Traveling with Marge -- Part IV

Marge Flados

After four or five days on a bus tour, the irascible side of everyone’s nature becomes apparent probably because by now everyone is constipated. I assumed because of the hard rolls eaten for breakfast. There was the lady who repeatedly complained about “spending so much time on the bus”. This always brought us to the point of laughter. Did she not know this was a bus tour? 

Each day there was clockwise seat rotation which gave everyone a turn at sitting in seats that may provide a slightly better view. One couple on the tour didn’t want to give up their front seats but Irmgard handled that little problem swiftly and it never occurred again.

We arrived in Malaga, a beautiful resort city on the Spanish Mediterranean with a ridge of mountains at its back. After touring a 17th century cathedral and the surrounding Roman ruins we took a tour of the old section of the city, riding in a buggy pulled by a horse that wore bells and had a little umbrella attached to his bridle to protect him from the hot Spanish sun.

For our dinner that evening I ordered a seafood platter anticipating shrimp, oysters and fillets. Wrong! It was octopus, tiny little octopi with their eyes still in place and larger squid parts which were like chewing on pieces of garden hose, deep fat fried to a turn (of my stomach). There was one tiny piece of fillet and four small mullet. Mullet is considered bait in South Texas since no one eats them except larger fish! I ate it all in spite of the many little eyeballs on my plate and they were winking and blinking at me all long night.

Next morning we were off to the Costa Del Sol, referred to as the Spanish Riviera which is framed by countless high-rise buildings to accommodate the international tourists who come to bask in the sun on the dark gray sand of the local beaches. There was some serious neck turning to view the topless bathers some of whom should have worn a top for esthetic reasons. Topless sun bathing seemed quite common. (No pun intended)

We were headed to Algerciras and on the way took a little side trip to Mijas, a village once obscure and set away but because of its elevation, view and charm became a tourist attraction. There was a little chapel carved out of the stone cliffs and a small bull ring. So small that only a wee bull and a tiny matador could function in that ring. All buildings were white and gleamed like jewels in the sun with a spectacular view of the sea in front and the mountains to its back.

We were headed for Gibraltar, known as the Rock! It is English territory and has been fought over for hundreds of years. Gibraltar is a military base and 25,000 people live there. They can grow nothing, it is a rock, remember? The water is collected in reservoirs or distilled from the sea and everything must be imported. As we drove ever higher we arrived at the area where the Barbary apes live. The British say Gibraltar will remain British for as long as the apes are on the Rock. At one time their numbers dwindled and Winston Churchill ordered that they be fed regularly by the British Army and they began to thrive and multiply. We had been warned to hang tight to our purses because the apes sometimes snatched them in their quest for peanuts.

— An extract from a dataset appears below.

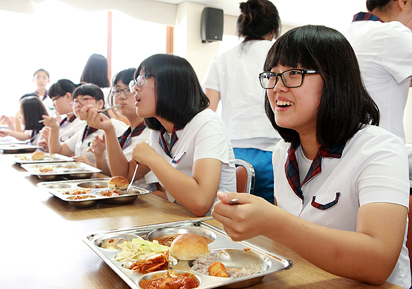 강원 정선군(군수 최승준)이 19일 정선중.고등학교를 시작으로 전면 무상급식을 시작한 가운데 학생들이 즐겁게 급식을 먹고 있다. 유치원생에서 고등학생까지 모든 학생에 대한 무상급식은 정선군이 전국에서 처음이다.

Later we proceeded on to Algeciras which is across the Strait of Gibraltar from Algeria. Our hotel was old and elegant dating back to 1906 and a favorite of the king and queen of Spain. Irmgard had told us that the hotel allowed tours to use the royal suite when the space was needed. As luck would have it Cata and Lupe were assigned to the royal suite and we were in awe of it. Dolores and I were the last ones assigned to a room. We had promised Irmgard we would not complain about our room assignment as many of the others had done.

We headed for our room which was located in the bowels of the hotel and what appeared to be a basement or a dungeon. It even smelled a little like one. When we finally found it, we discovered it was spacious and lovely. We decided it was the escape route in case of fire or bombing and we were blessed to be near an exit that led to the beautiful gardens that surrounded the hotel.

That night there was a knock at our door and the wife of the Chinese couple from Taiwan asked if we could help her make a decision. Her husband was experiencing rectal bleeding and they were trying to decide if they should leave the tour and fly back to Michigan in the morning. I was not anxious to call the shot on that one. I asked some nurse-type questions then told her that my opinion was that, since the blood was bright red it was probably a little ruptured blood vessel in a hemorrhoid or polyp (those hard rolls again?) and to stay with the tour unless the bleeding increased, buy dressings with adhesive backing for her husband to utilize until they arrived home. Then to see a doctor who would probably order a colonoscopy and the answer would be forthcoming in good order. About 2 weeks after we arrived home we received a letter from them saying it was exactly as I predicted and he was doing fine. They were grateful for our advice and I felt like Mother Teresa.